**EXERCISE MATERIAL:**

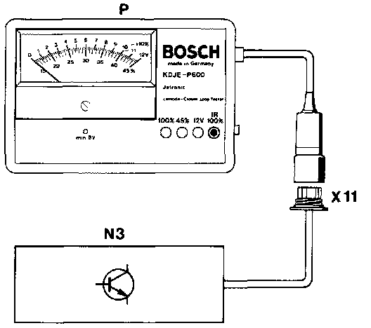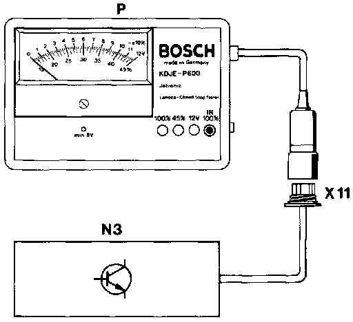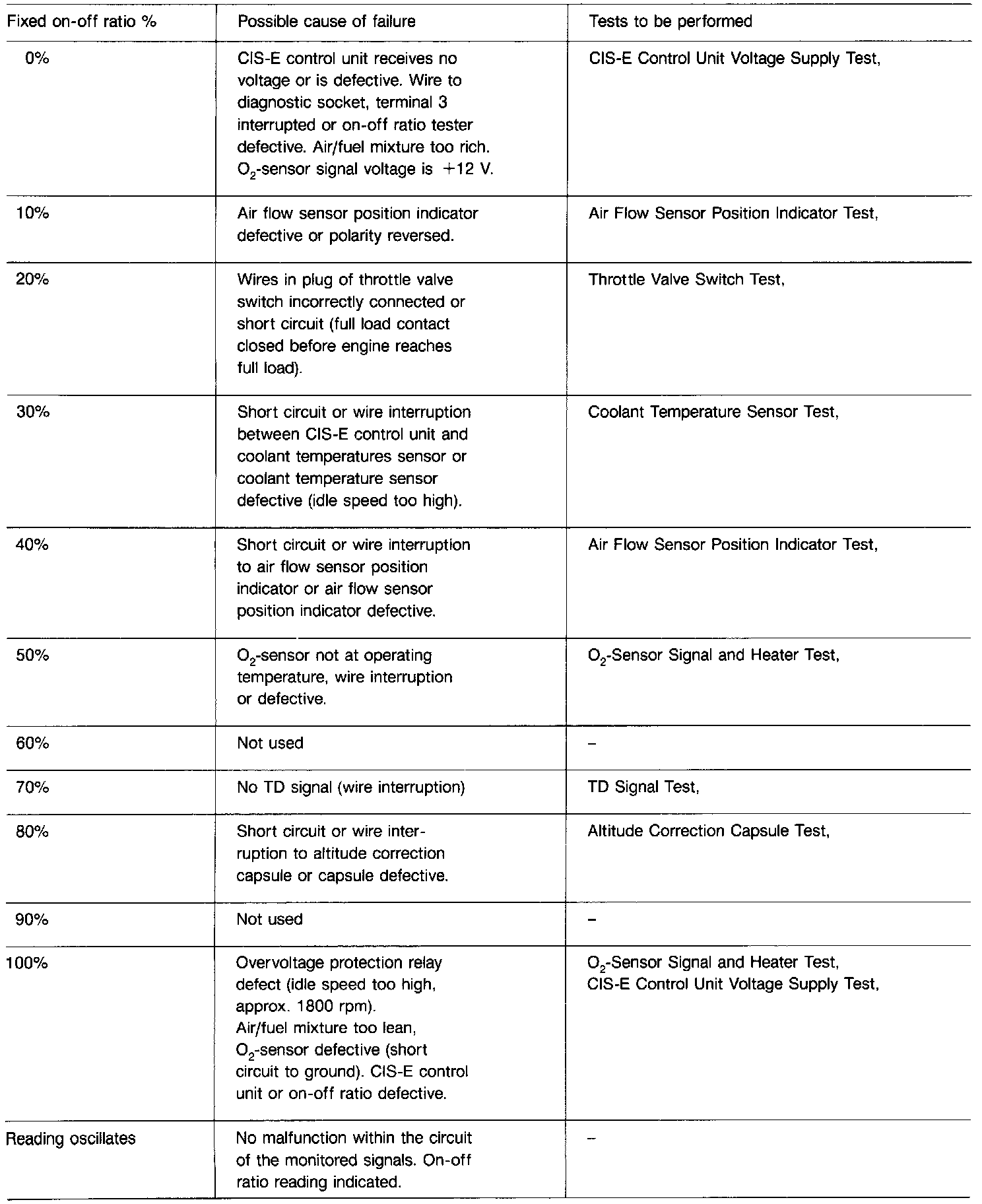 Various components of the CIS-E injection system are checked via the microprocessor in the CIS-E control unit. The failure codes are transmitted via the lambda measuring circuit of the diagnostic socket and are shown on the on-off ratio tester. The fixed on-off ratio indicates possible malfunctions. The following table lists the relationship between the fixed on-off ratio, the cause of the failure and the respective tests to be performed.
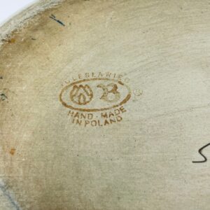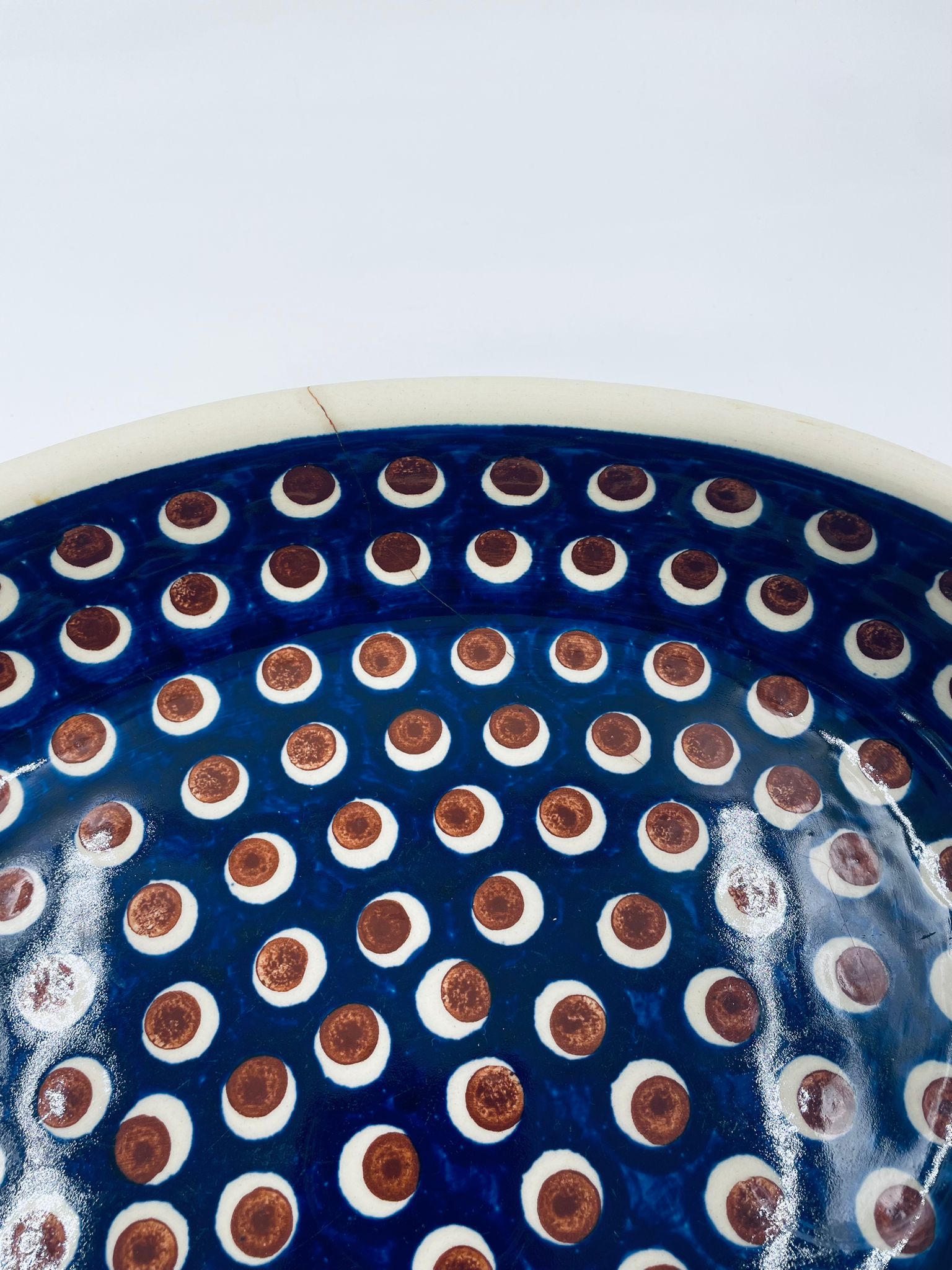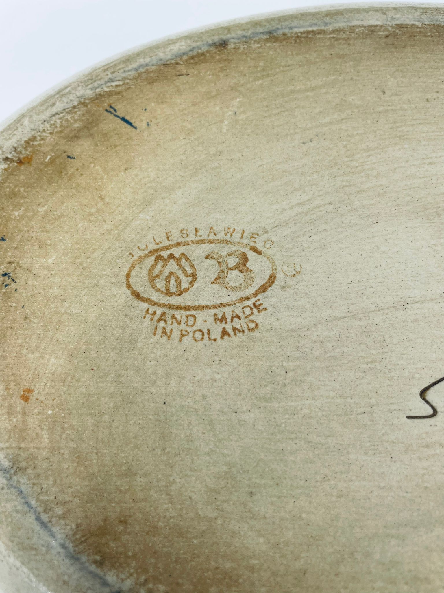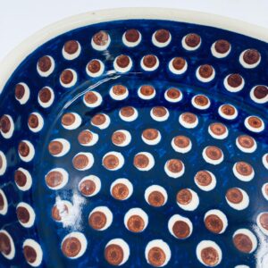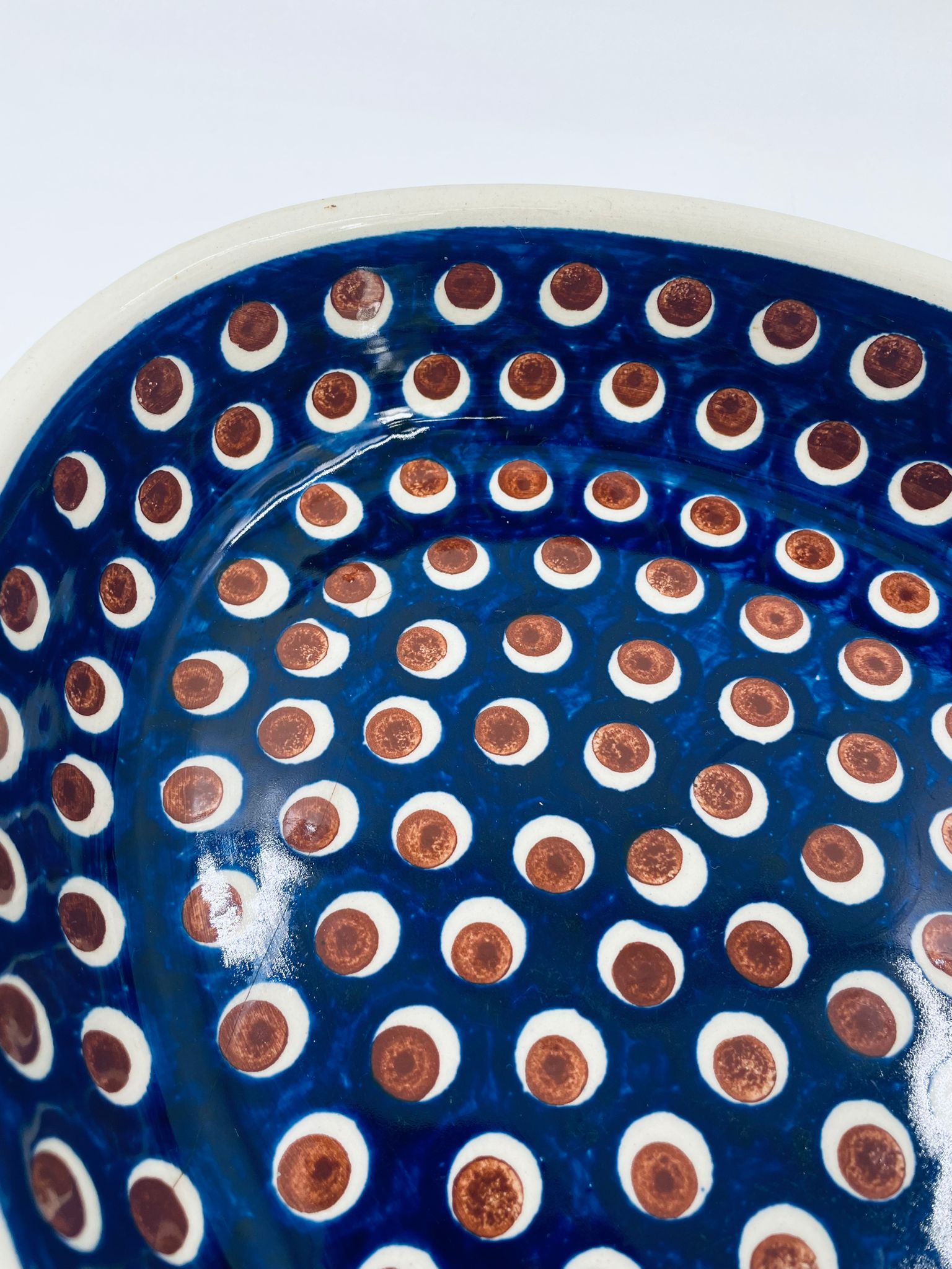 Misa Polskiej wytwórni Bolesławiec, wykonana z najwyższej jakości ceramiki. Misa owalna, ręcznie robiona, ozdobiona jest ręcznie malowanym, tradycyjnym wzorem pawiego oczka. Wzory na Bolesławieckiej ceramice naniesione są metodą stempelkową oraz pędzlem. Misa posiada pęknięcie.
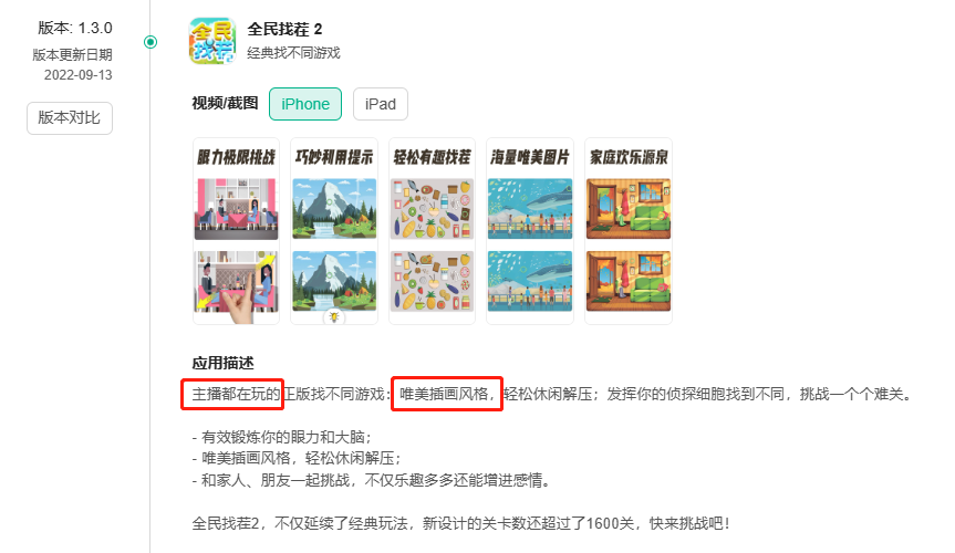 而在9月初的一次版本更新中,找不同的图片整体变为了手绘插画风格,更偏向轻松解压的方向。同时应用描述中也带上了“主播都在玩”的字样,推测是开始在抖音上进行KOL买量了。
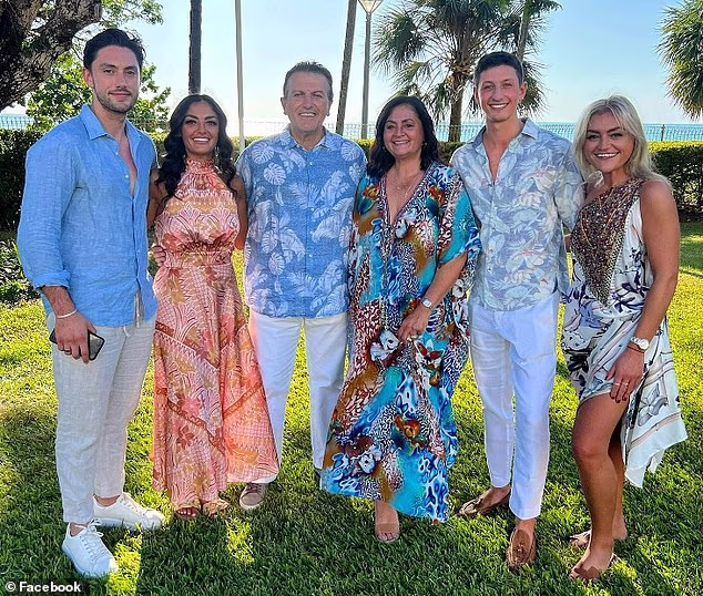 O magnata multimilionário dos restaurantes Bill Drakopoulos (terceiro à esquerda) fotografado com seu filho Daniel (à esquerda) e outros membros da família
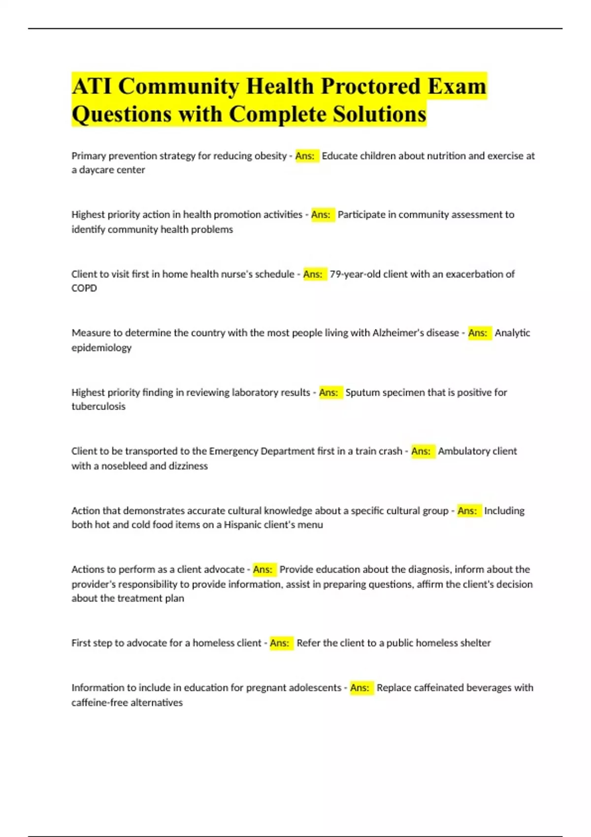 ATI Community Health Proctored Exam Questions with Complete Solutions
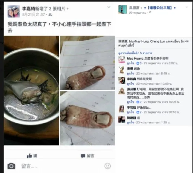 เว็บไซค์ข่าวจากต่างประเทศ มีสาวสวยชื่อ ลีเจียชี สาวไต้หวัน สุดช็อกหลังได้รับภาพสุดสยอง ที่มีลักษณะนิ้วมือคนอยู่ในชามซุป จาก อู จินเจีย ลูกพี่ลูกน้องของเธอ พร้อมคำแคปชั่น ชวนขนหัวลุกที่ว่า นี่คือนิ้วมือของแม่เธอ เมื่อวันที่ 21 พ.ค.ที่ผ่านมา
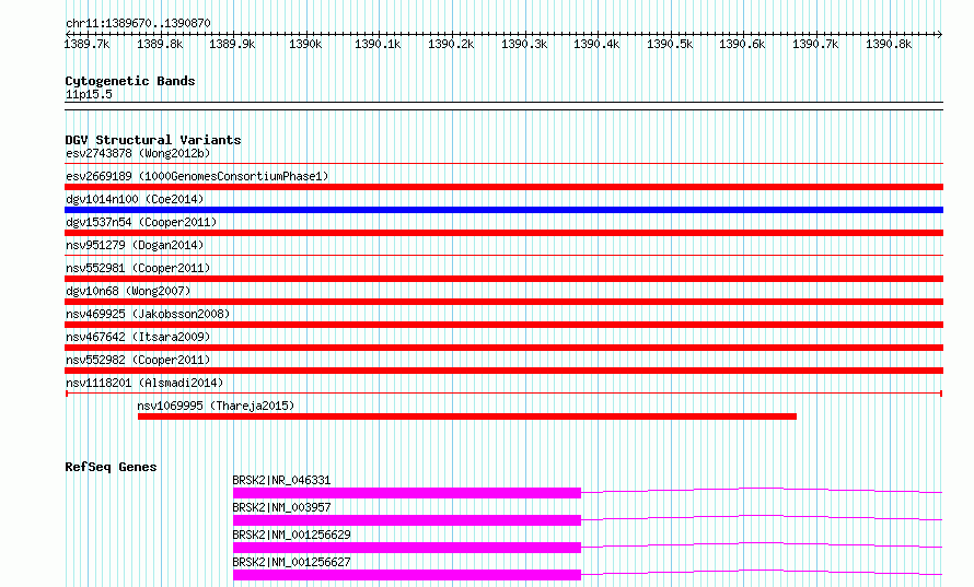 | Variant Type | CNV deletion | Copy Number | | Allele State | | Allele Origin | | Probe Count | | Validation Flag | | Merged Status | M | Merged Variants | | Supporting Variants | nssv3980870 | Samples | KWS1 | Known Genes | BRSK2 | Method | Sequencing | Analysis | HugeSeq | Platform | Illumina HiSeq 2000 | Comments | | Reference | Alsmadi_et_al_2014 | Pubmed ID | 24896259 | Accession Number(s) | nsv1118201
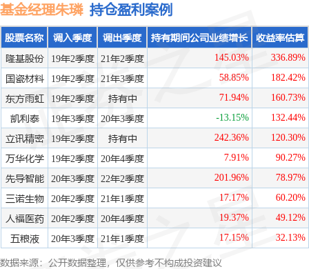 朱璘管理的睿远成长价值混合A基金在19年2季度买入隆基股份,在持有2年又0个季度后在21年2季度卖出。持有期间的估算收益率为336.89%,持有期间隆基股份在2019年到2021年的年报营业总收入增幅达145.03%。
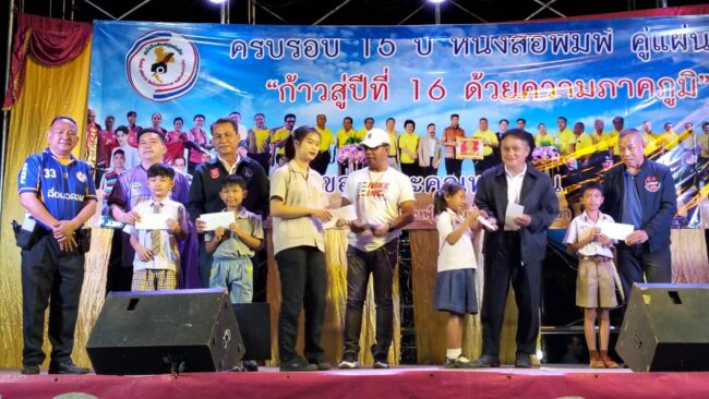 เมื่อวันที่ 12 ธ.ค. 68 หนังสือพิมพ์ คู่แผ่นดิน จัดงานครบรอบ 15 ปี หนังสือพิมพ์คู่แผ่นดิน ก้าวสู่ปีที่ 16 อย่างภาคภูมิใจ โดยมีการจัดแข่งขันฟุตบอลดารา & สื่อมวลชน เวลา 13.00 น. – 17.00 น. ณ สนามฟุตบอลวิทยาลัยเทคนิคกาญจนาภิเษกอุดรธานี ชิงถ้วยเกียรติยศ รางวัลชนะเลิศ นายราชันย์ ซุ้นหั้ว ผู้ว่าราชการจังหวัดอุดรธานี รางวัลชนะเลิศอันดับ 1 นายศราวุธ เพชรพนมพร นายกองค์การบริหารส่วนจังหวัดอุดรธานี รางวัลชนะเลิศอันดับ 2 นายสราวุธ นามสีลี นายอำเภอประจักษ์ศิลปาคม และรางวัลชนะเลิศอันดับ 3 ดร.พงษ์สวัสดิ์ พิมพิไสย ผู้อำนวยการวิทยาลัยเทคนิคกาญจนาภิเษกอุดรธานี

**EXERCISE DETAILS:** Print the line above containing "ATI Community Health", the line containing "เว็บไซค์ข่าวจากต่างประเทศ มีสาวสวยชื่อ ลีเจียชี", and everything between them, exactly as written. Pictures stay out.

**SOLUTION:**
 ATI Community Health Proctored Exam Questions with Complete Solutions
 เว็บไซค์ข่าวจากต่างประเทศ มีสาวสวยชื่อ ลีเจียชี สาวไต้หวัน สุดช็อกหลังได้รับภาพสุดสยอง ที่มีลักษณะนิ้วมือคนอยู่ในชามซุป จาก อู จินเจีย ลูกพี่ลูกน้องของเธอ พร้อมคำแคปชั่น ชวนขนหัวลุกที่ว่า นี่คือนิ้วมือของแม่เธอ เมื่อวันที่ 21 พ.ค.ที่ผ่านมา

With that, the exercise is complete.